Le nihilisme (1)
Qu’est-ce donc que le nihilisme, les enfants ? Il y a quelques temps, quelqu’un de la classe est venu me chercher à la fin d’un cours pour me demander ce que cet étrange mot pouvait bien vouloir dire. La question, au demeurant fort concise, présente sans y paraître une complexité étonnante. Car sous le terme de nihilisme on entend beaucoup de synonymes et le mot semble signifier beaucoup d’idées différentes. Par nihilisme on peut entendre tout autant le comportement constant de négation, le refus, la révolte, la contestation du bien, du vrai, des canons de la beauté… Ou encore, il peut se résumer pour d’autres à la simple idée de la modernité, du scepticisme et du cynisme grecs, etc., etc.
La liste s’allonge encore si l’on écoute les commentateurs du mot au fil de l’histoire. Au XIXe siècle, par exemple, le nihilisme correspondait pour d’aucuns autant aux idées relativistes, égoïstes et individualistes ! On était nihiliste dès que l’on manifestait une propension trop grande pour l’argent ou la passion du matériel…

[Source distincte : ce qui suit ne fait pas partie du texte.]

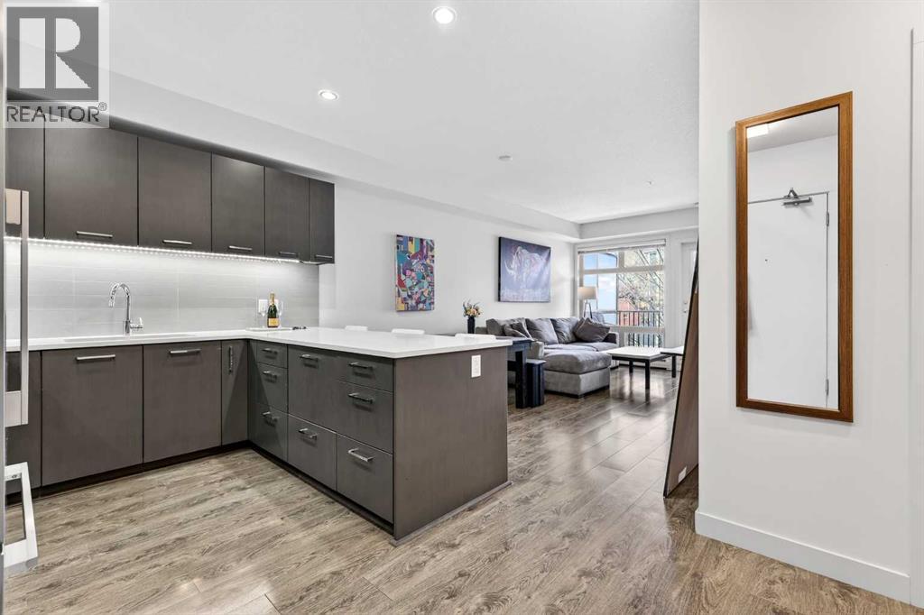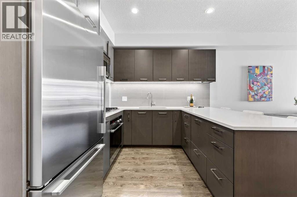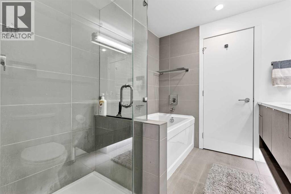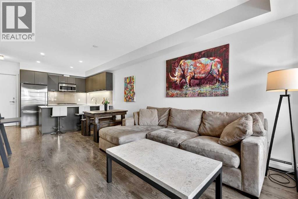 **TRIBECA - IN THE HEART OF MISSION l 1 BED - 1 BATH l AMAZING FLOOR-PLAN l COVERED BALCONY l TITLED UNDERGROUND PARKING l IN SUITE LAUNDRY l INNER-CITY LIVING AT ITS FINEST l THE ONLY UNIT AVAILABLE IN THE BUILDING l ***ATTENTION PROFESSIONALS, FIRST-TIME BUYERS, INVESTORS, DOWNSIZERS & DISCERNING BUYERS*** A Rare Opportunity to Own in One of Calgary’s Most Vibrant, Walkable and Sought-After Inner-City Communities — MISSION. The Tribeca by Bucci Developments represents the gold standard in inner-city condominium living — proudly certified Built Green Canada Platinum — a testament to quality, sustainability and thoughtful design. Upon entry, the open-concept layout immediately impresses. The spacious kitchen features modern soft close cabinetry, stunning quartz countertops, a breakfast bar, and top-of-the-line stainless steel appliances — flowing effortlessly into the living area which is filled with natural light. A garden door extends your living space outward to a lovely covered 76 sq ft balcony complete with a gas BBQ line and pleasant city views. The spacious primary bedroom offers a thoughtfully designed pocket door leading to an elegantly appointed four-piece bath, complete with a large quartz vanity, glass-enclosed shower, and deep soaker tub.This unit includes one titled underground parking stall, assigned storage locker, access to a heated parkade with car wash bay, secure bike storage, underground visitor parking, and beautifully maintained community gardens.Steps from 4th Street and 17th Avenue, and within easy walking distance to downtown Calgary’s finest dining, boutiques, pathways and amenities. PET FRIENDLY BUILDING! Exceptional value & Location. (id:58070)

Plongeons-nous, par exemple, dans le très amusant dictionnaire des néologismes que le grand Louis Sébastien Mercier publia en 1801 et qui à l’entrée nihiliste ou rieniste écrivait : « qui ne croit en rien, qui ne s’intéresse à rien. » C’est fou comme cette définition vous correspond, mes mignons ! Regardez-vous, mes chéris, vous ne croyez pas dans les idées ni les efforts de M. Sarkozy, et cette obstination qui est la vôtre est réellement jugée comme regrettable pour un bon nombre de grandes personnes. Eh bien, je pourrais très bien dire de vous que vous n’êtes qu’une petite bande de tristes nihilistes, voyez-vous ? En d’autres mots, on l’aura compris, le mot nihilisme n’a pas véritablement de signification. Et comme le célèbre gros mot, on pourrait dire que l’on est toujours le nihiliste d’un autre. Mais c’est là une première réponse un peu facile, destinée au groupe A. Nous verrons, dans les prochaines leçons, si nous ne pourrons pas apporter à la question quelques autres nuances. A bientôt, mes chéris.